▼▼▼

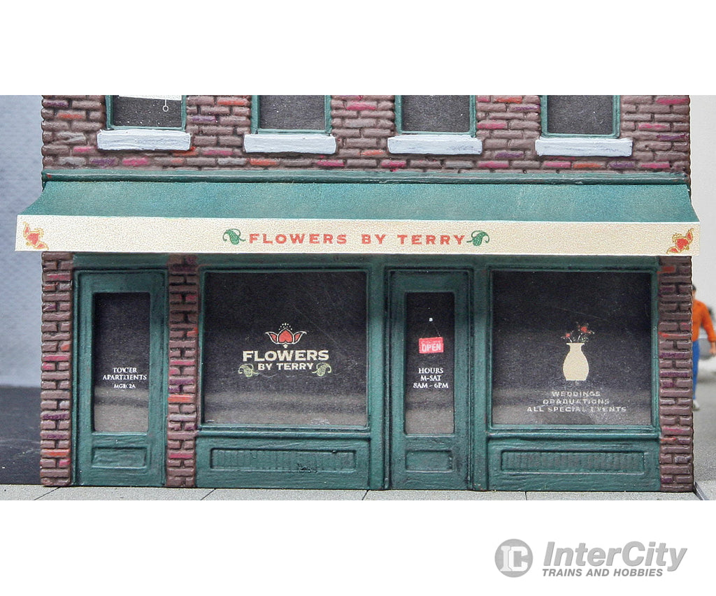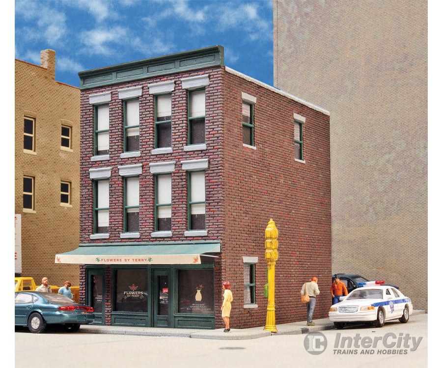 Flowers by Terry is part of the selection of Walthers Cornerstone brick storefront building kits patterned after those you'll find in towns across the continent. Main Street hasn't changed much over the years and brick structures like this florist's shop are built to last. Buildings tell a lot about your layout, especially in a business district adorned with colorful signs that set the time and place. Flowers by Terry combines a business on the first floor and apartments or offices on the second and third floors - typical of buildings constructed in the late 1800s through the 1930s and still in use today. Personalize your model with paint from your dealer, and add the finishing touch with the colorful signs in this easy-to-build kit. The finished kit measures: 3 x 4 x 4-3/8" 7.6 x 10.2 x 11.1cm
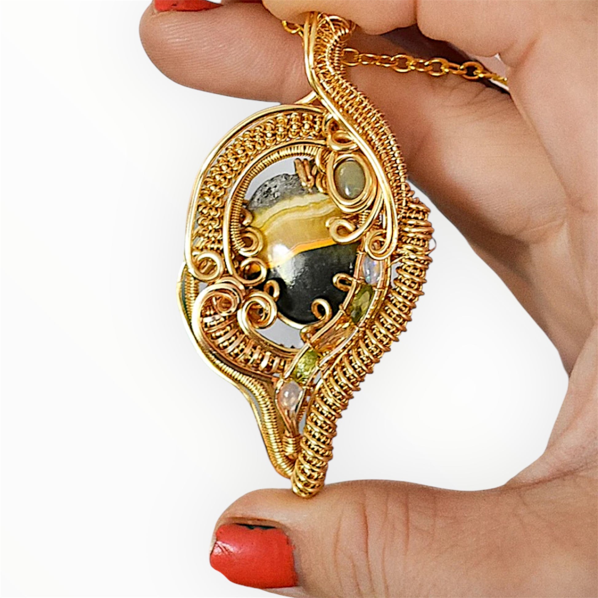 Bumblebee jasper, citrine, peridot & Opal wrapped in a golden weave
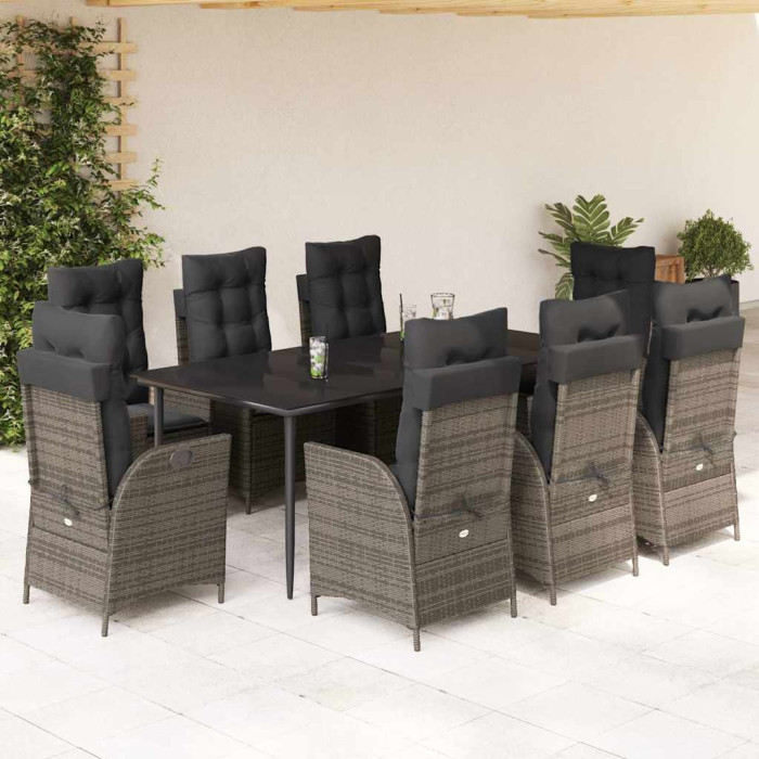 9-osaline aiamööbli komplekt patjadega, hall, polürotang
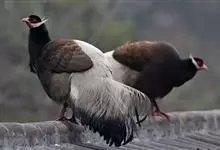 白颈长尾雉:大型鸡类,体长81厘米,体型大小和雉鸡相似。雄鸟头灰褐色,颈白色,脸鲜红色,其上后缘有一显著白纹,上背、胸和两翅栗色,上背和翅上均具1条宽阔的白色带,极为醒目;下背和腰黑色而具白斑;腹白…全部>>
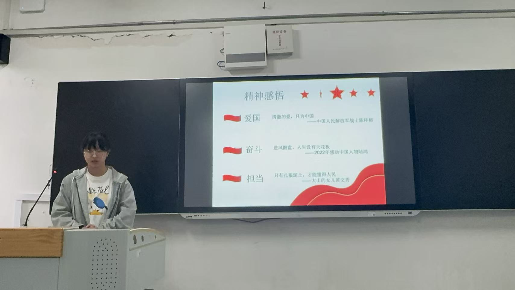 紧接着,活动围绕爱国、奋斗、担当三大维度,结合榜样事迹深化精神感悟。以中国人民解放军战士陈祥榕“清澈的爱,只为中国”的戍边信念诠释爱国赤诚;以2022年感动中国人物陆鸿“逆风翻盘,人生没有天花板”的奋斗故事激励学子在困境中勇毅前行;以“大山的女儿”黄文秀“只有扎根泥土,才能懂得人民”的奉献精神,引导青年在服务社会中践行担当。一个个鲜活榜样与真挚精神内核,为同学们树立了清晰的价值追求导向。
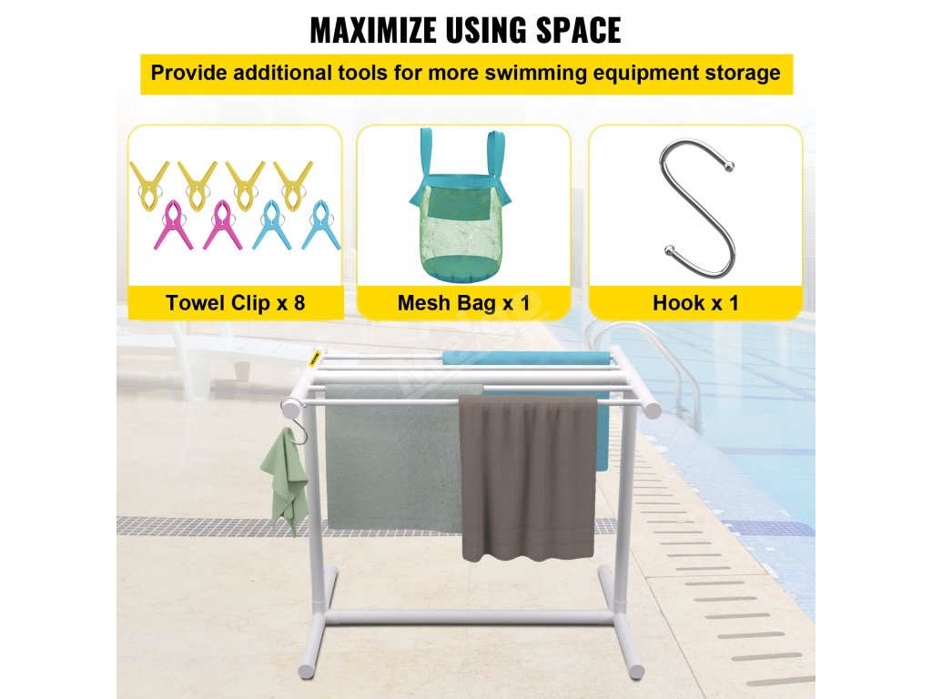 Tento stojan na ručníky k bazénu je ideálním nástrojem pro ukládání plaveckého vybavení v interiéru i exteriéru.
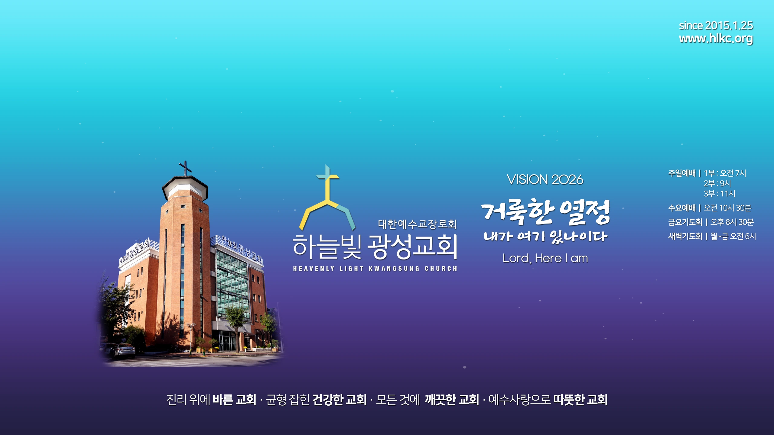 일상 속의 예배자, 시인들의 공동체 대한예수교장로회 하늘빛 광성교회 (Heavenly Light Kwangsung Church) -------------------------------------------------- 진리 위에 바른 교회 균형 잡힌 건강한 교회 모든 것에 깨끗한 교회 예수 사랑으로 따뜻한 교회 -------------------------------------------------- [ 예배 실시간 LIVE ] 주일예배 | 1부 : 오전 7시 / 2부 : 9시 / 3부 : 11시 수요예배 | 오전 10시 30분 금요기도회 | 오후 8시 30분 새벽기도회 | 오전 6시 [ 오시는 길 ] 고양시 일산서구 대화동에 있습니다. 주소 : (10383)경기도 고양시 일산서구 주화로 165 (대화동2246) [ 교회 홈페이지 ] http://hlkc.org [ 온라인 헌금 안내 ] 국민 270101-04-281618 [ 행복의 길 예수 그
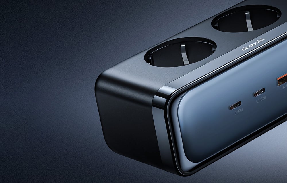 Most mindent egy kompakt eszközben érhetsz el! A Mcdodo CH-4610 elosztó két konnektorral és négy USB porttal - két USB-A és két USB-C - lehetővé teszi több eszköz egyidejű töltését és áramellátását, beleértve a okostelefonokat, laptopokat, tableteket vagy más elektronikus eszközöket.
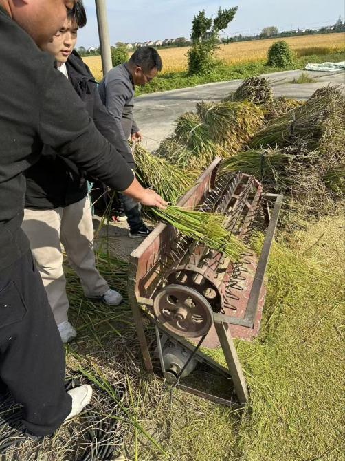 水稻组在淮安市农科院深度参与水稻考种全流程。在导师悉心指导下,从田间选取代表性植株,精确测量株高、剑叶长度、有效分蘖数等关键农艺性状,到室内脱粒后细致鉴定结实率、千粒重、垩白度等品质与产量性状,同学们的精益求精,为优良新品种筛选筑牢数据根基。

▲▲▲

Would you output only the span of the records above that opens with the line containing "白颈长尾雉:大型鸡类,体长8" and closes with the line containing "Tento stojan na", ends included and pictures dropped?

 白颈长尾雉:大型鸡类,体长81厘米,体型大小和雉鸡相似。雄鸟头灰褐色,颈白色,脸鲜红色,其上后缘有一显著白纹,上背、胸和两翅栗色,上背和翅上均具1条宽阔的白色带,极为醒目;下背和腰黑色而具白斑;腹白…全部>>
 紧接着,活动围绕爱国、奋斗、担当三大维度,结合榜样事迹深化精神感悟。以中国人民解放军战士陈祥榕“清澈的爱,只为中国”的戍边信念诠释爱国赤诚;以2022年感动中国人物陆鸿“逆风翻盘,人生没有天花板”的奋斗故事激励学子在困境中勇毅前行;以“大山的女儿”黄文秀“只有扎根泥土,才能懂得人民”的奉献精神,引导青年在服务社会中践行担当。一个个鲜活榜样与真挚精神内核,为同学们树立了清晰的价值追求导向。
 Tento stojan na ručníky k bazénu je ideálním nástrojem pro ukládání plaveckého vybavení v interiéru i exteriéru.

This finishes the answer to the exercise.